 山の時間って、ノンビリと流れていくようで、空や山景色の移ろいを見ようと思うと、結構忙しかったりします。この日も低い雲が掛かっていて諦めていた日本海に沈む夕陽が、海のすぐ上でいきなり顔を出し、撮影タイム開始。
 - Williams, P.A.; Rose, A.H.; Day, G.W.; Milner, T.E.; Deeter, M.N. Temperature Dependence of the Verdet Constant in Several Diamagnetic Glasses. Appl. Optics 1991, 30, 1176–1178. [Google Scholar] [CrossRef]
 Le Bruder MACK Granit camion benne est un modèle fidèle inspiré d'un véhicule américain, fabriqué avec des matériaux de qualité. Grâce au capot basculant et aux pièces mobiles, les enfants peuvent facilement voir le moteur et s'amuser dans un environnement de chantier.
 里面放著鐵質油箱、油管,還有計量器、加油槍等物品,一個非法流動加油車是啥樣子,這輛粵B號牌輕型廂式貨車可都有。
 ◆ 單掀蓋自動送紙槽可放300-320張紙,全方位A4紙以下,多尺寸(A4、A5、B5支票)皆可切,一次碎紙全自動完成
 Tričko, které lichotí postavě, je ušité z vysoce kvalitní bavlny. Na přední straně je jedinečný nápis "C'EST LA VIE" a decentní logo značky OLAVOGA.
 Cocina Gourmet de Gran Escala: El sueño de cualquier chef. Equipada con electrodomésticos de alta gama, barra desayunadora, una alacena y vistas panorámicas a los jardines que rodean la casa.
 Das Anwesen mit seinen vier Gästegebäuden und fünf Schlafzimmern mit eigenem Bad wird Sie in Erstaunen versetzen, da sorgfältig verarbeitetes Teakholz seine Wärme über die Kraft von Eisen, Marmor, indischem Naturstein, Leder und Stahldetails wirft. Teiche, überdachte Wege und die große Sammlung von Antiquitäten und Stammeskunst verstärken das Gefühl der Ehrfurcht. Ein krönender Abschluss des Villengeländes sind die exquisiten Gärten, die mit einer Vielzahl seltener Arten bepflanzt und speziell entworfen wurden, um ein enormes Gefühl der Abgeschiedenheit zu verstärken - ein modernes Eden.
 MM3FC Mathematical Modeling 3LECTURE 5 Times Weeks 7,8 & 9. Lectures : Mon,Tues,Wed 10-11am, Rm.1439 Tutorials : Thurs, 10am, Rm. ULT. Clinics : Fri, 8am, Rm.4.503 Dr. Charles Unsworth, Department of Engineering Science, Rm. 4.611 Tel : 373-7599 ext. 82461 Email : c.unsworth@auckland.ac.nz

• • • • • • •

- _EXERCISE OBJECTIVE_
Transcribe the full listing, word for word.

- _RESPONSE_
 山の時間って、ノンビリと流れていくようで、空や山景色の移ろいを見ようと思うと、結構忙しかったりします。この日も低い雲が掛かっていて諦めていた日本海に沈む夕陽が、海のすぐ上でいきなり顔を出し、撮影タイム開始。
 - Williams, P.A.; Rose, A.H.; Day, G.W.; Milner, T.E.; Deeter, M.N. Temperature Dependence of the Verdet Constant in Several Diamagnetic Glasses. Appl. Optics 1991, 30, 1176–1178. [Google Scholar] [CrossRef]
 Le Bruder MACK Granit camion benne est un modèle fidèle inspiré d'un véhicule américain, fabriqué avec des matériaux de qualité. Grâce au capot basculant et aux pièces mobiles, les enfants peuvent facilement voir le moteur et s'amuser dans un environnement de chantier.
 里面放著鐵質油箱、油管,還有計量器、加油槍等物品,一個非法流動加油車是啥樣子,這輛粵B號牌輕型廂式貨車可都有。
 ◆ 單掀蓋自動送紙槽可放300-320張紙,全方位A4紙以下,多尺寸(A4、A5、B5支票)皆可切,一次碎紙全自動完成
 Tričko, které lichotí postavě, je ušité z vysoce kvalitní bavlny. Na přední straně je jedinečný nápis "C'EST LA VIE" a decentní logo značky OLAVOGA.
 Cocina Gourmet de Gran Escala: El sueño de cualquier chef. Equipada con electrodomésticos de alta gama, barra desayunadora, una alacena y vistas panorámicas a los jardines que rodean la casa.
 Das Anwesen mit seinen vier Gästegebäuden und fünf Schlafzimmern mit eigenem Bad wird Sie in Erstaunen versetzen, da sorgfältig verarbeitetes Teakholz seine Wärme über die Kraft von Eisen, Marmor, indischem Naturstein, Leder und Stahldetails wirft. Teiche, überdachte Wege und die große Sammlung von Antiquitäten und Stammeskunst verstärken das Gefühl der Ehrfurcht. Ein krönender Abschluss des Villengeländes sind die exquisiten Gärten, die mit einer Vielzahl seltener Arten bepflanzt und speziell entworfen wurden, um ein enormes Gefühl der Abgeschiedenheit zu verstärken - ein modernes Eden.
 MM3FC Mathematical Modeling 3LECTURE 5 Times Weeks 7,8 & 9. Lectures : Mon,Tues,Wed 10-11am, Rm.1439 Tutorials : Thurs, 10am, Rm. ULT. Clinics : Fri, 8am, Rm.4.503 Dr. Charles Unsworth, Department of Engineering Science, Rm. 4.611 Tel : 373-7599 ext. 82461 Email : c.unsworth@auckland.ac.nz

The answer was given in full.